When it was over, they lay in bed, arms around each other, hearts pounding so hard it seemed there was only one, not two. It felt so surreal and Sara was afraid if she let him go, everything she'd felt before would slip away.

"God," sighed Grissom.

"Hmm," Sara said in response. She didn't want to ruin the moment by talking. She snuggled closer to him and Grissom stroked her hair tenderly.

"So tell me," Grissom said, not in the mood for silence, "how did you end up with a name like Sara Sunshine?"

"Oh," Sara said disgustedly. "Who told you about that?"

"One guess."

"Cecilia," they said simultaneously and laughed nervously.

"Sooo, how did you get the name Sara Sunshine?" Grissom pressed.

"How did you get the name Gilbert?" Sara countered. That particular name always made her think of the Johnny Depp movie What's Eating Gilbert Grape? It was highly unlikely that was what Grissom was named for.

"If you must know," Grissom said, reluctantly at first, "my mother named me Gilbert, solely based on the fact that it means noble. For the record, my father hated it. I was supposed to end up a fourth—Bartholomew Tinford Grissom the fourth, to be exact. He was livid that my mother didn't abide by his wishes. Thank God the name will die with him if he hasn't already."

Sara had to agree, Bartholomew Tinford Grissom was a helluva mouthful.

"But my mother, the artist," Grissom continued, "decided her child just had to have his own name, something unique. She found Gilbert in a book one day and a week later, I was so-named."

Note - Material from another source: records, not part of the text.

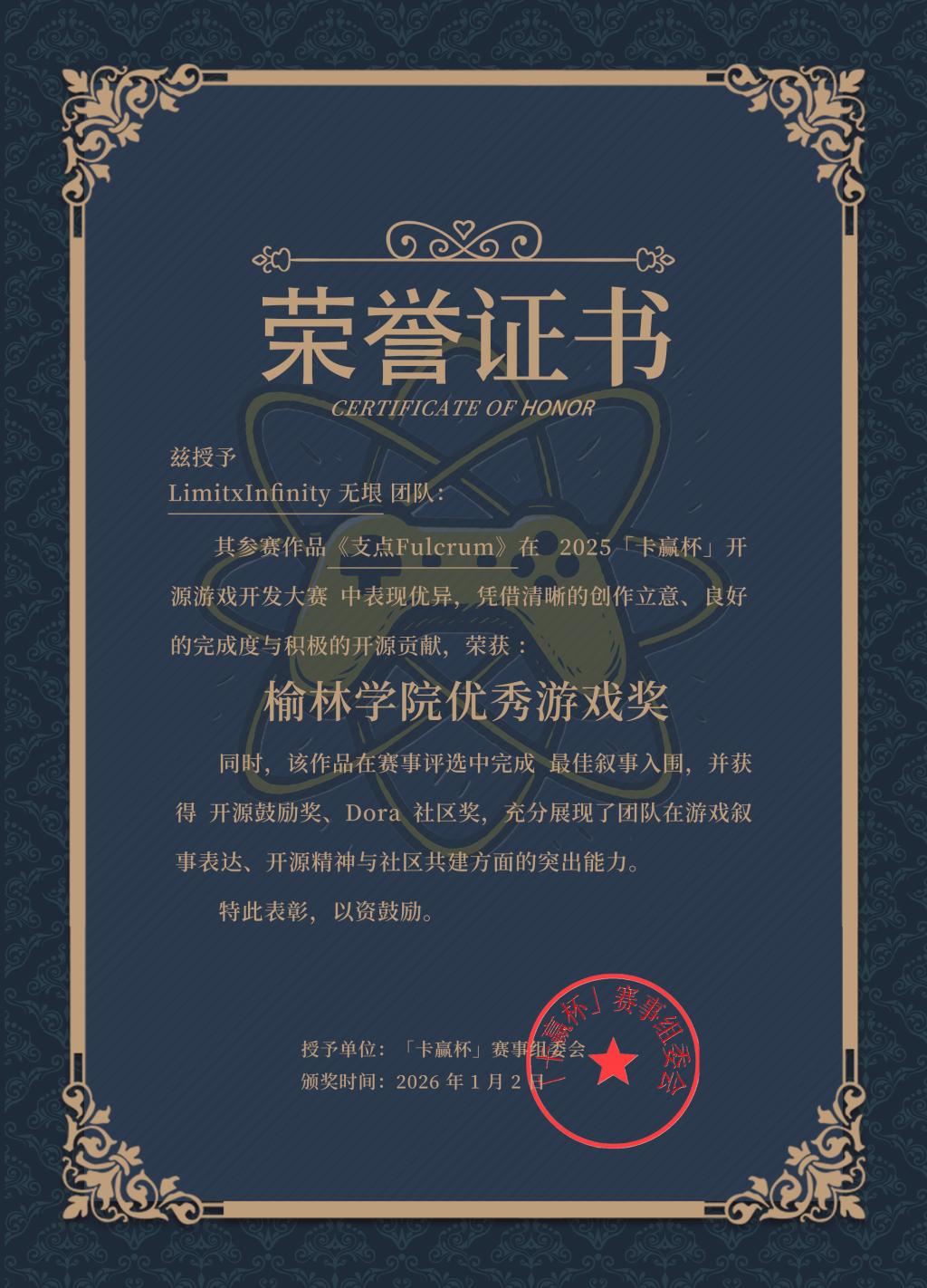 获奖情况:榆林学院优秀游戏奖、Dora社区奖、开源鼓励奖、入围最佳叙事奖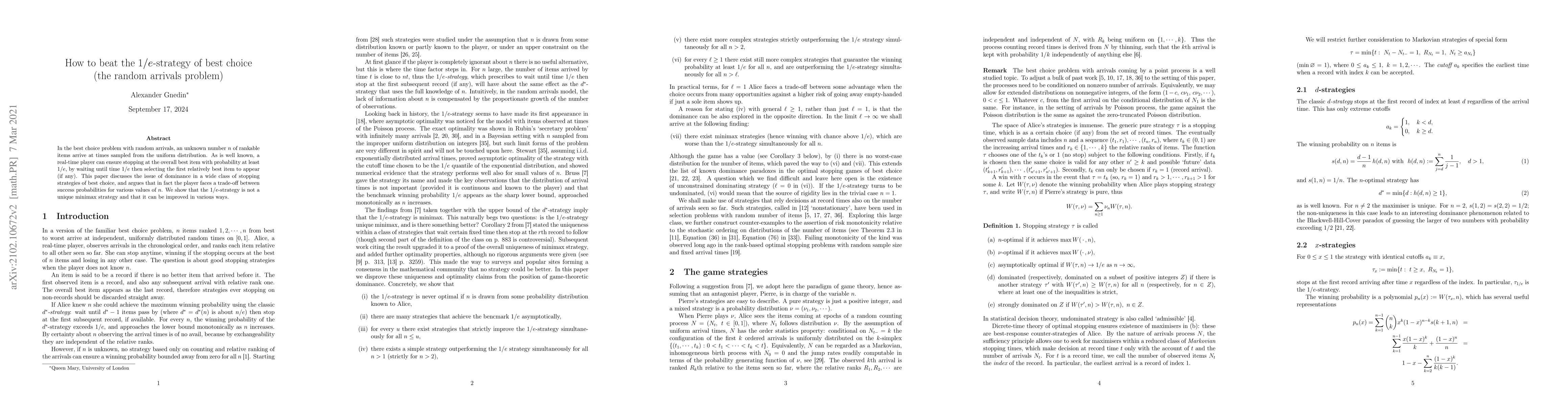 This paper explores strategies for improving upon the $1/e$-strategy in the best choice problem with random arrivals, demonstrating that there is a trade-off in success probabilities for different values of $n$ and that the $1/e$-strategy is not the only optimal minimax approach. The authors propose alternative strategies that can outperform the $1/e$-strategy under certain conditions.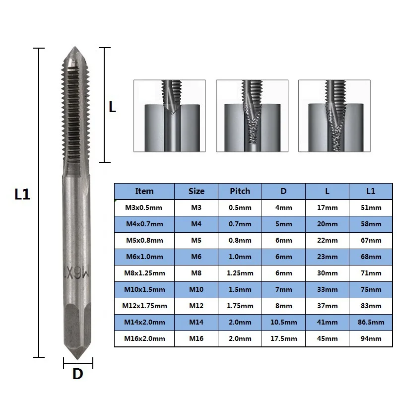 Набор резьбы для правой и прямой флейты M3 M4 M5 M6 M7 M8 M10 M12 M14 M16 метрический инструмент для нарезания резьбы сверло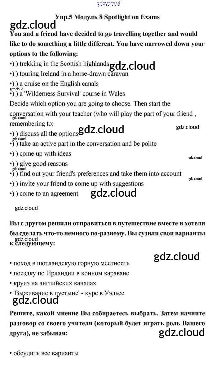 Spotlight on exams Ответы. Module 8. Travel по Английскому языку 11 класс Учебник Эванс Spotlight Просвещение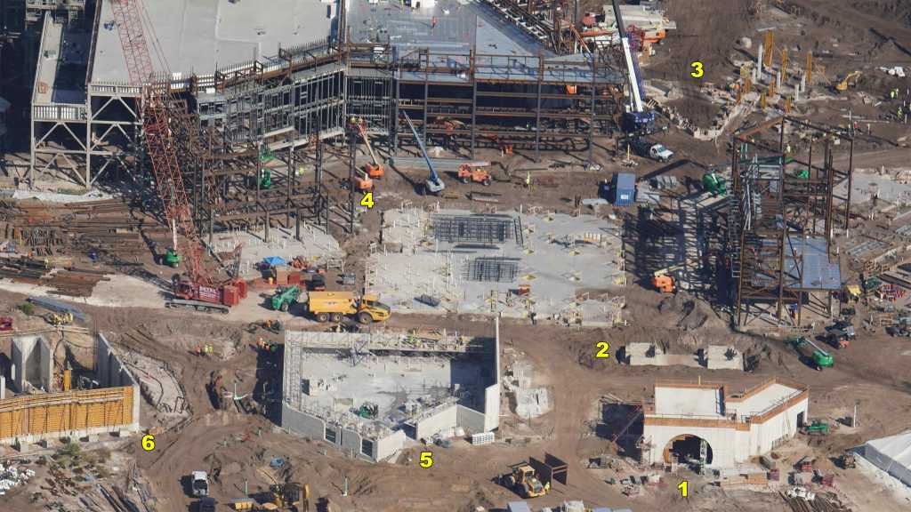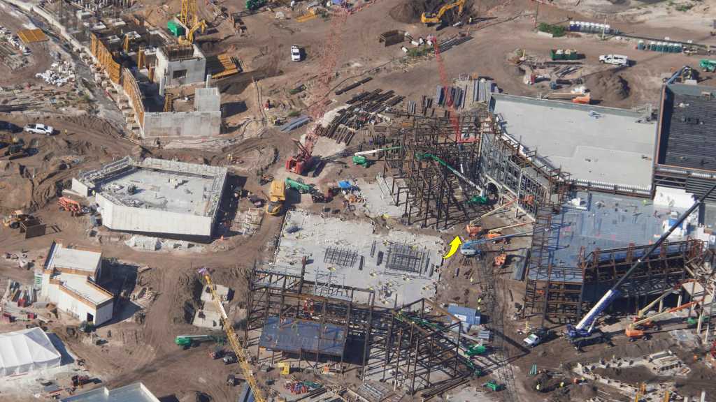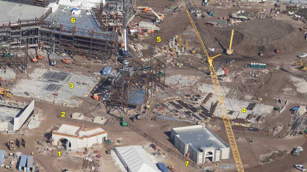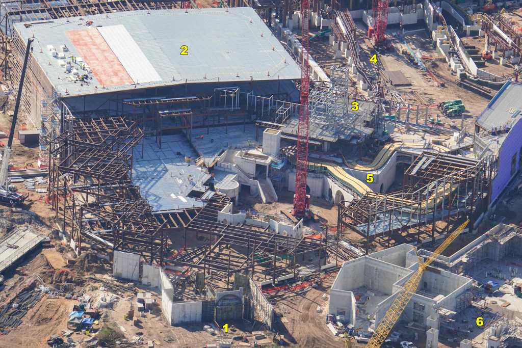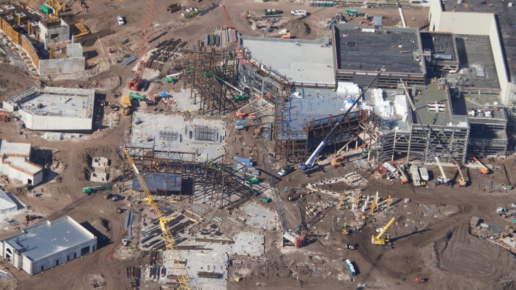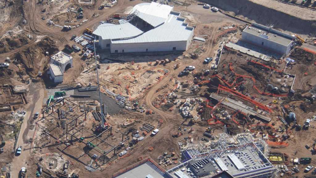 - Image #13: Aerial photo of building frame rising in Classic Monsters land. Also seen are interesting excavations at bottom right, near the featured attraction show building.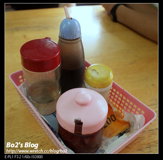 桌上有醬油和辣椒醬等調味料..可視個人需求添加…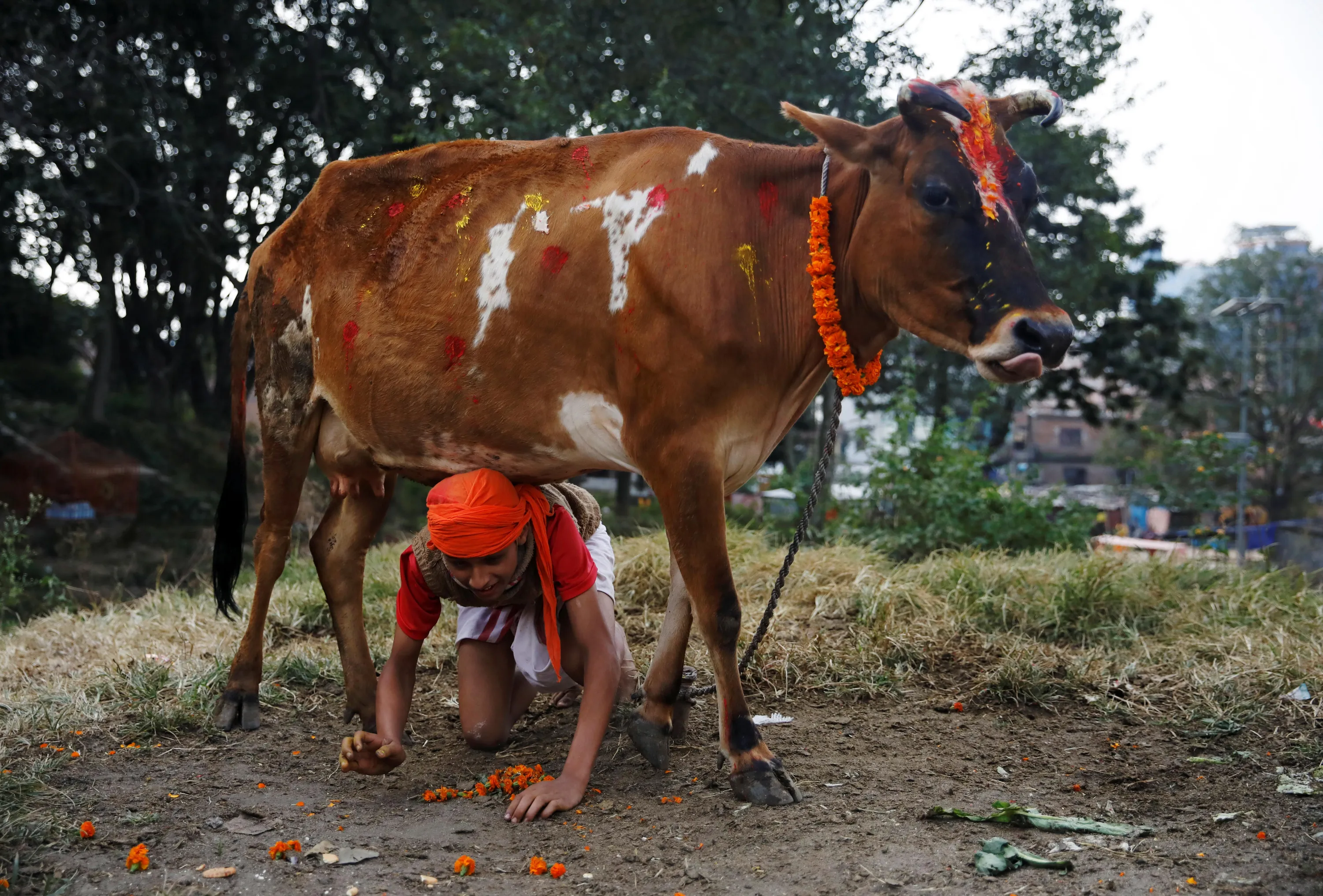 A young Hindu priest crawls under a cow during a religious ceremony celebrating the Tihar festival, also known as Diwali, in Kathmandu, Nepal on October 28, 2019. (Photo by Navesh Chitrakar/Reuters)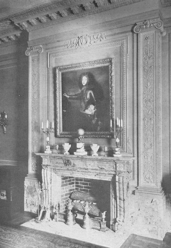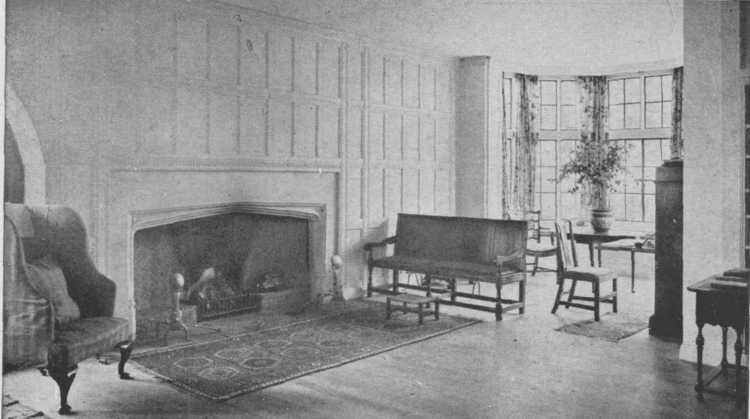 This is in reality a moderate-sized room, yet the open arrangement and the clear center give the impression of great space. The curve of the fireplace and the oak panelling are simple Tudor. The furniture is a mixture of many kinds.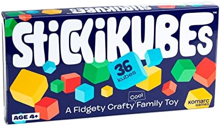 KOMARC GAMES StickiKubes – Mini Stacking Cubes That Stick to Anything – 36 Cubes in 4 Colors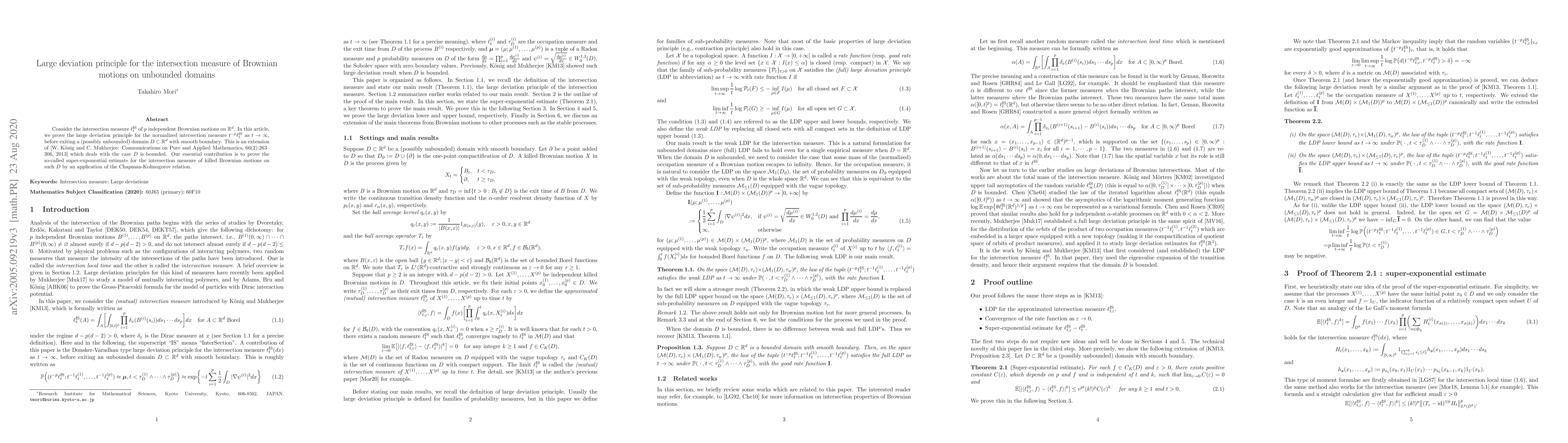 Consider the intersection measure $\ell^{\mathrm{IS}}_t$ of $p$ independent Brownian motions on $\mathbb{R}^d$. In this article, we prove the large deviation principle for the normalized intersection measure $t^{-p}\ell^{\mathrm{IS}}_t$ as $t\rightarrow \infty$, before exiting a (possibly unbounded) domain $D\subset\mathbb{R}^d$ with smooth boundary. This is an extension of [W. K\"onig and C. Mukherjee: Communications on Pure and Applied Mathematics, 66(2):263--306, 2013] which deals with the case $D$ is bounded. Our essential contribution is to prove the so-called super-exponential estimate for the intersection measure of killed Brownian motions on such $D$ by an application of the Chapman-Kolmogorov relation.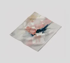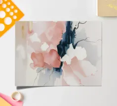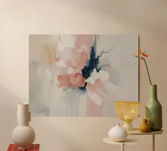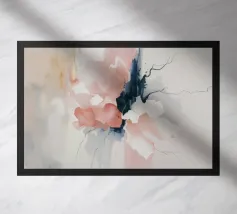 Un delicato pezzo floreale astratto con una forma centrale simile a un fiore in bianco e rosa tenue, con linee più scure simili a inchiostro che si irradiano verso l'esterno, come se svelassero l'anima di un fiore su uno sfondo tenue. Stile Melissa Herrington.

"That's beautiful," Sara smiled. "Noble." Marry a man with blue eyes, Daphne had said. They're more noble.

"I was named Sunshine because I wipe the clouds from the sky with my smile," she said, "or at least, that's what my dad always told me. 'Sara' is just what I call my professional name. I was named after the house."

"Ah, I see. 'Sidle on Down to Sara's Place' wasn't an accident, then."

"That stupid slogan. No, the house was called Sara's Place when my parents bought it. They were trying to think of a new title for it and when I came along, my mom wanted to make my first name Sara."

"You wipe the clouds from the sky with your smile," Grissom repeated. "I don't think I've ever heard a truer statement. When you walked back into my life six years ago...that's the first thing I thought of: a ray of sunshine."

She looked up at him and kissed him. He kissed back. They were treading on dangerous ground now, and they both knew it. The inevitable question hung over their heads: What would happen when they got back to Vegas?

"I should go back to my room," Sara said, pulling away. She shifted beneath the covers and sat up. Just as her feet hit the floor, Grissom's hand snaked up her arm and held her for a few seconds.

"Stay as long as you'd like, Sunshine."